Armed drones and robot pack mules may get the headlines now, but far more powerful strategic effects will be achieved by artificial intelligence and machine-learning systems that select and attack targets autonomously—and fend off the enemy AIs trying to do the same.
As shown by the monograph “20YY: Preparing for War in the Robotic Age,” co-authored by now-Deputy Defense Secretary Robert Work, and the public discussion around Third Offset strategy, U.S. defense officials believe autonomy will change warfare in the air, sea, land and space domains. Yet, policymakers, acquisition professionals, and operators have yet to grapple fully with the implications of autonomy in cyberspace. The word does not even appear in the 2015 DOD Cyber Strategy, nor in the draft National Cyber Incident Response Plan of 2016.
Progress, however, is being made. In June, the Defense Science Board issued an important report that differentiated between “autonomy in motion,” such as robots and self-driving vehicles, and the less-well-known “autonomy at rest,” including most autonomous cyber systems.
Just a few months later, the Defense Advanced Research Projects Agency turned a spotlight on cyber autonomy with its Cyber Grand Challenge at the 2016 DEF CON hacking convention in Las Vegas. Seven teams pitted algorithms against each other in a $2 million contest to autonomously interpret and fix brand-new code, and to patch vulnerabilities at machine speed without causing harm.
Discussions with the Cyber Grand Challenge competitors also revealed something else: that the concept of “counter autonomy” is becoming more important in cybersecurity. Artificial intelligence and machine learning can help select a target to be attacked autonomously, but the target machine also can learn from the attack mounted against it, and design its response accordingly.

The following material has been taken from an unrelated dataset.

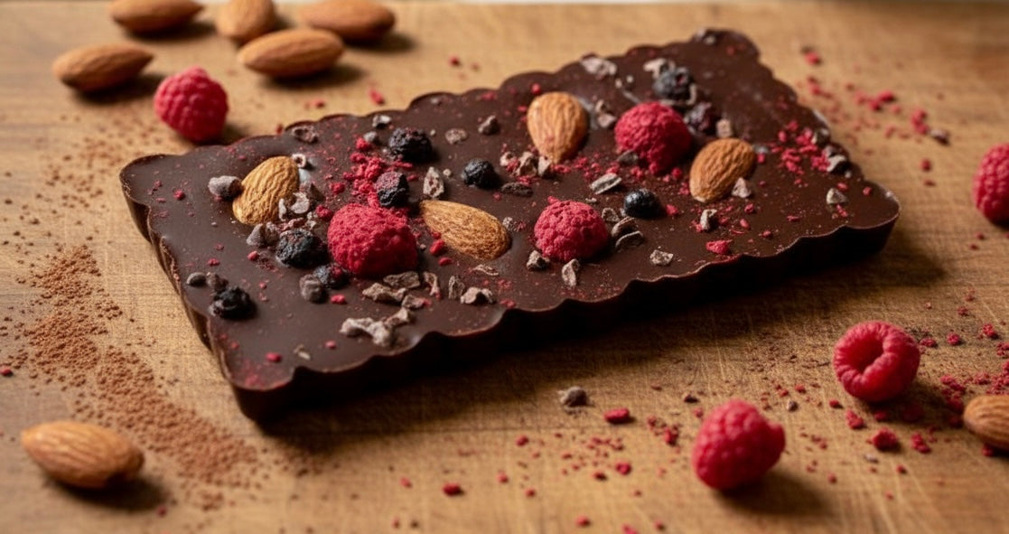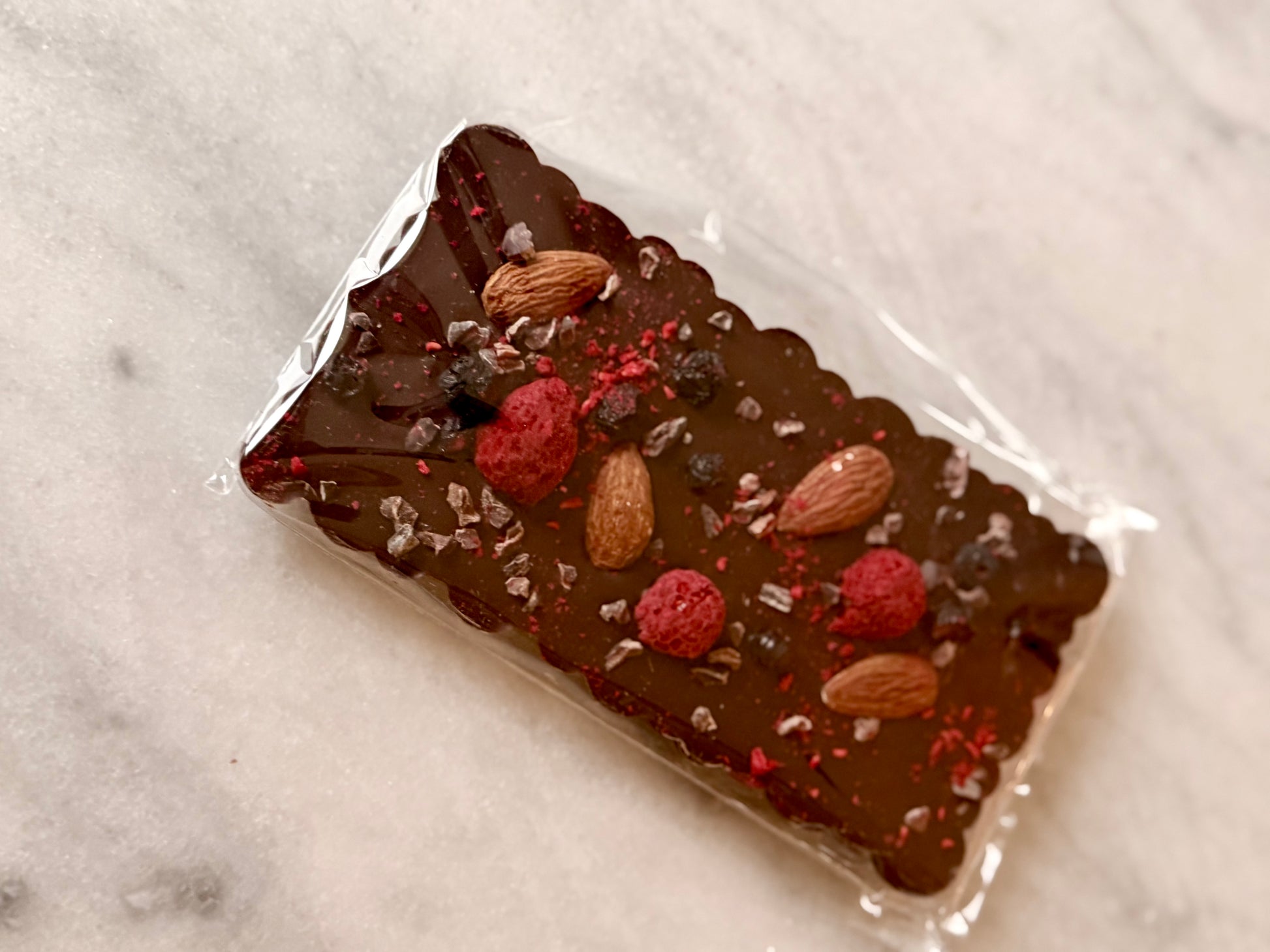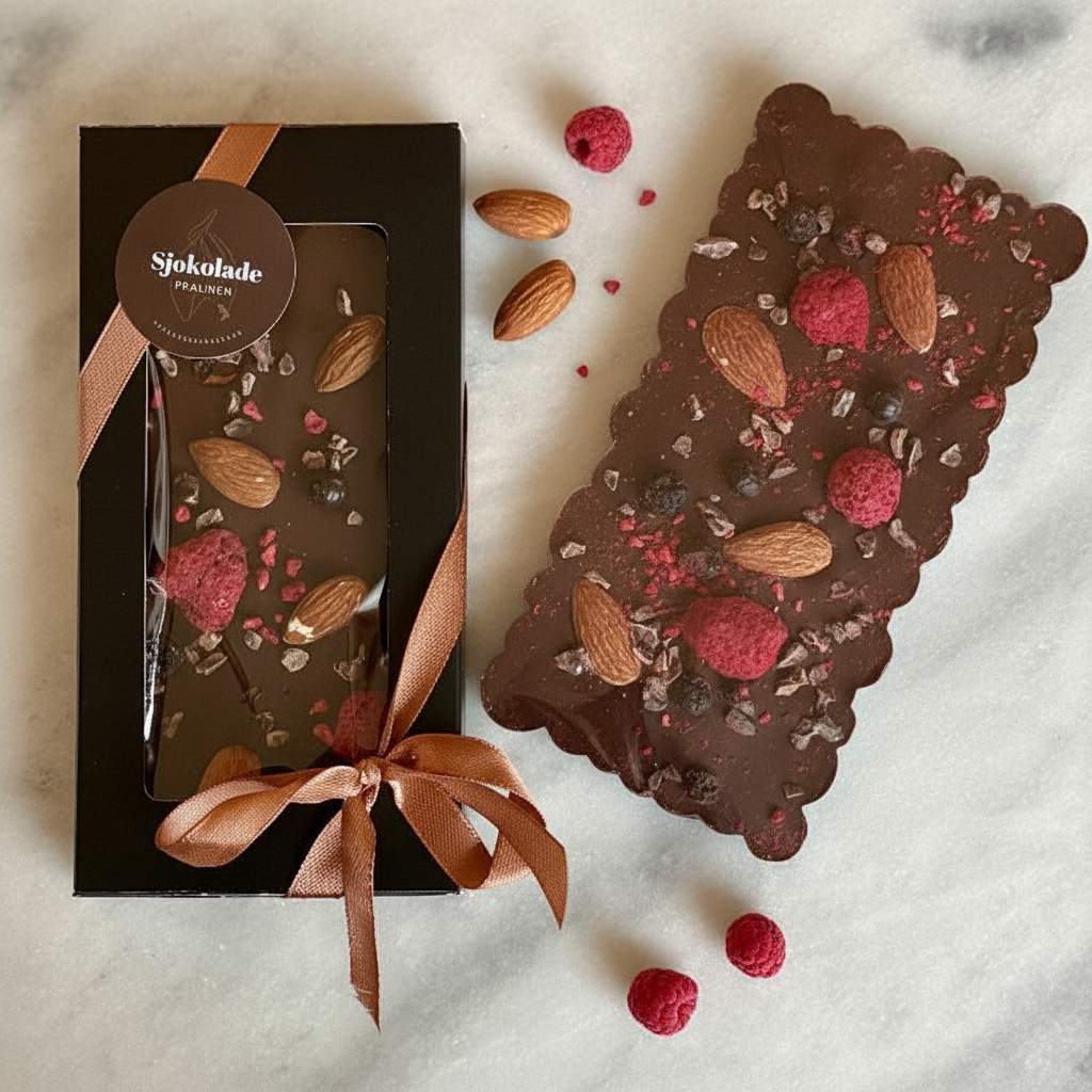 Mørk sjokolade med blåbær, bringebær & kakaonibs og mandler.

This approach is even more powerful when large amounts of data, gathered from distributed, cooperative sensors across the network, can be analyzed quickly and applied to the common defense. In the words of the Defense Science Board report: “The best techniques not only carry out real-time cyber-defense, they also extract useful information about the attacks and generate signatures that help predict and defeat future attacks across the entire network.”
It will soon become essential to incorporate both autonomy and counter-autonomy in cybersecurity team training and systems design, and to make them independently testable by outside “sparring partners.” But today’s training, wargaming and testing regimens were not built to incorporate big data and “man-on-the-loop” approaches—and this gap accounts for much of the misunderstanding, and distrust, of cyber autonomy.
DOD has many cyber ranges where these concepts might be examined, but it’s not clear how many are configured to handle the autonomy/counter-autonomy fights described above, or are instrumented to provide useful results. Most current war games do not include autonomy/counter-autonomy, and moving training from “man-in-the-loop” to “man-on-the-loop”—meaning a system that calls for human decisions only in rare and critical cases—is a further challenge.
The Defense Science Board offered a clear recommendation “to establish a counter-autonomous systems community to develop and test counter-autonomy technologies, surrogates and solutions,” which would draw from the way DOD handles advances and countermeasures in stealth technology today. However, DOD will be challenged to attract and retain people with the right skills for this community.
Protecting autonomous platforms (or autonomous subsystems) not part of large and wide-bandwidth networks requires different approaches: a focus on resilience (rebounding from an attack while maintaining as much mission performance as possible), rather than robustness (resistance to attack). An autonomous platform under attack could constantly check the integrity of its components, determine their importance and isolate or restore capabilities as required.
Much work remains to be done, but some aspects of such a system already exist and DARPA has a program called CRASH, for Clean-Slate Design of Resilient, Adaptive, Secure Hosts, to create a more secure, segmented and resilient computing architecture to help systems defend themselves autonomously. Computer code mathematically proved to be secure, or “formally verified,” is another promising approach.
The Defense Science Board report also called for DARPA to push the envelope via a “stretch program” to demonstrate autonomous cyber-resilient systems for autonomous military vehicles and to incentivize improved capabilities through a series of increasingly rigorous competitions.
The game is worth the candle. At DEF CON, DARPA Director Arati Prabhakar reflected on the combination of AI and machine learning, plus a focus on security operations at the binary level and the “formal verification” of code, and said these offer ways to “imagine a future with some likelihood of cybersecurity.” The benefits of such a future would be enormous.